Ласточка…
Сам того не подозревая, движимый каким-то тайным чувством, учитель ласковым этим обращением к девочке поразительно точно обозначил ее природу, и пусть в ту солнечную пору она была едва пробовавшим крыло птенцом, но все равно в ее облике уже проступали черты красивой, стремительной птицы, вьющей свои гнезда на кручах. Эти черты угадывались в ее летящей походке — легкий наклон корпуса вперед, чуть согнутые в локтях руки на отлете от хрупкого стройного тела, — в обыкновении мгновенно менять векторы своего движения, что было особенно заметно, когда мы играли в салочки. И догнать ее почти никому из водящих не удавалось. В ее типично балетной манере на ходу ставить ногу на носок — оттого-то и возникало впечатление полета — она словно сопротивлялась путам земного притяжения, тяготилась ими, плоскость земли не была ее стихией: оно и понятно, ласточки потому и живут в высоте, что толком не умеют взлетать с земли, им нужен крутой, резко обрывающийся вниз откос, чтобы почувствовать силу своих серпом изгибающихся крыльев.
Знание это придет позже, а пока, стоя на углу дома, я, пораженный совершенным с легкой руки учителя открытием, вдруг неожиданно для себя негромко окликнул стремительно летевшую к подъезду девочку: «Ласточка!»
Она сбилась с быстрого шага, постояла на месте, глядя в землю, и, откликаясь на зов, обернулась.
То ее детское увлечение танцами не исчезло со временем — в десятом классе Ваня уже была настоящей перелетной птицей, то и дело пропадала из школы, участвуя в каких-то гастрольных поездках. Ей это позволялось, потому что училась она хорошо, да и Модест мог замолвить перед директором словцо!
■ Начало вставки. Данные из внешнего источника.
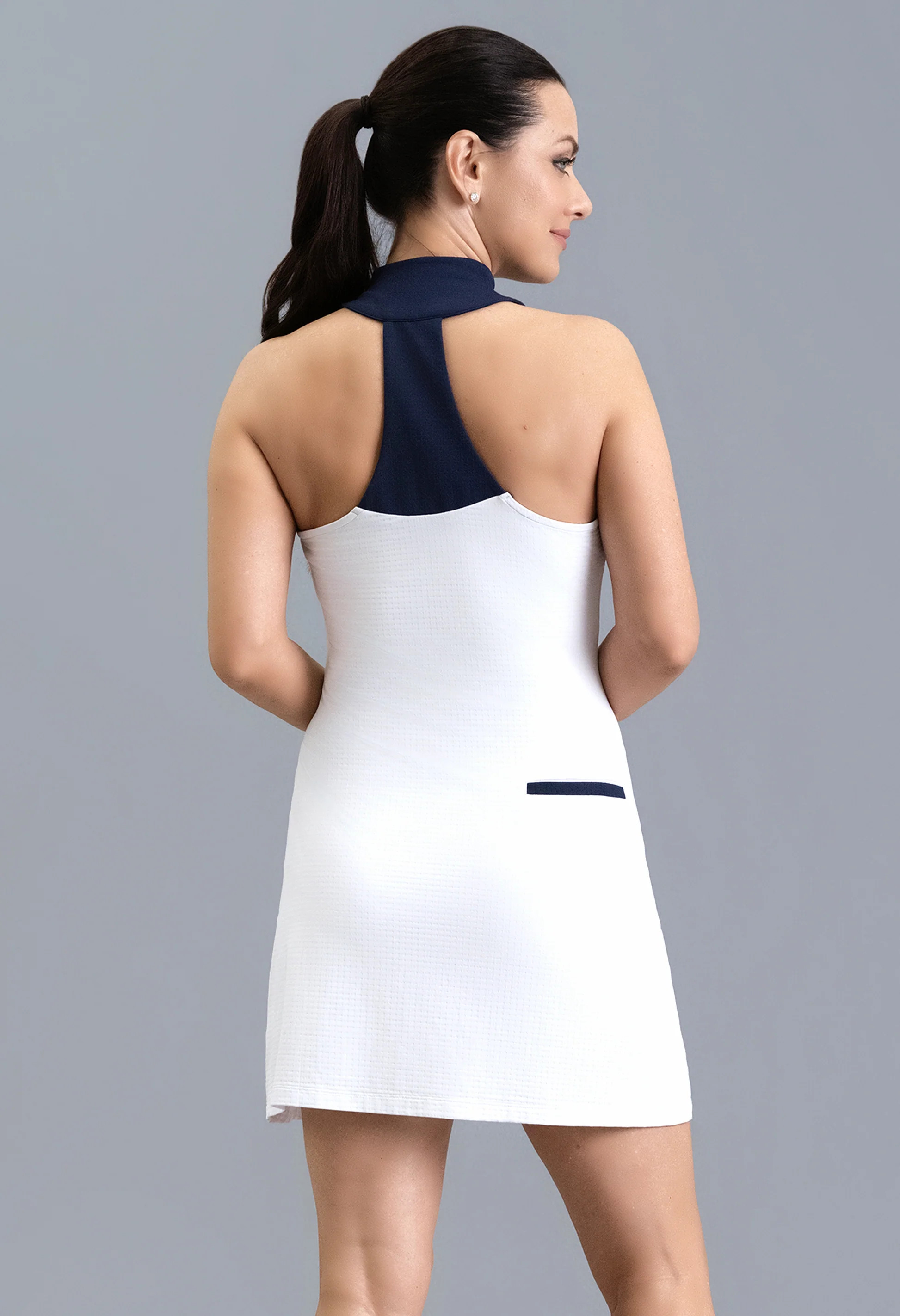 Feel balanced in motion and cool in spirit. This color block tennis dress brings quiet energy to every point and every step off court. Its flattering silhouette and bold yet refined contrast create a look that feels intentional and natural for warm-weather play and relaxed brunch plans alike. Crafted from IBKUL’s Iceƒil® technology, this dress actively cools as you go while UPF 50+ sun protection helps guard your skin in bright conditions. The quick-dry, moisture-wicking fabrication stays light on the body and the antimicrobial finish helps you feel fresh through long days in the sun.

А наутро после выпускного вечера мы с ней как-то невзначай стали взрослыми, по тогдашнему нашему разумению, — мужем и женой.
Сначала была ночная поездка на белом речном трамвайчике по черной Москве-реке, была легкая муть в голове от выпитого сладкого винца, были тихие вспышки поцелуев в темноте на мерно раскачивающейся корме. А потом на нас хлынуло серое уныние сумрачного утра, умытого щуплым холодным дождем. На обратном пути вымокли до нитки, и ничего другого нам не оставалось, как, ворвавшись в мой пустой дом (отец был в поле, а бабушка к тому времени уже умерла), сорвать с себя одежду и рухнуть на кровать, согревая друг друга теплом своих тел: вот тут все это и случилось. И длилось потом еще два года — я учился на биофаке, она танцевала в своем ансамбле, — до тех пор пока Ваня вдруг не пропала. Модест на все мои расспросы уклончиво повторял: уехала… Куда, господи?! В загранкомандировку, на полгода. Да как же это? Ну, коллега, в конце концов, она взрослый человек.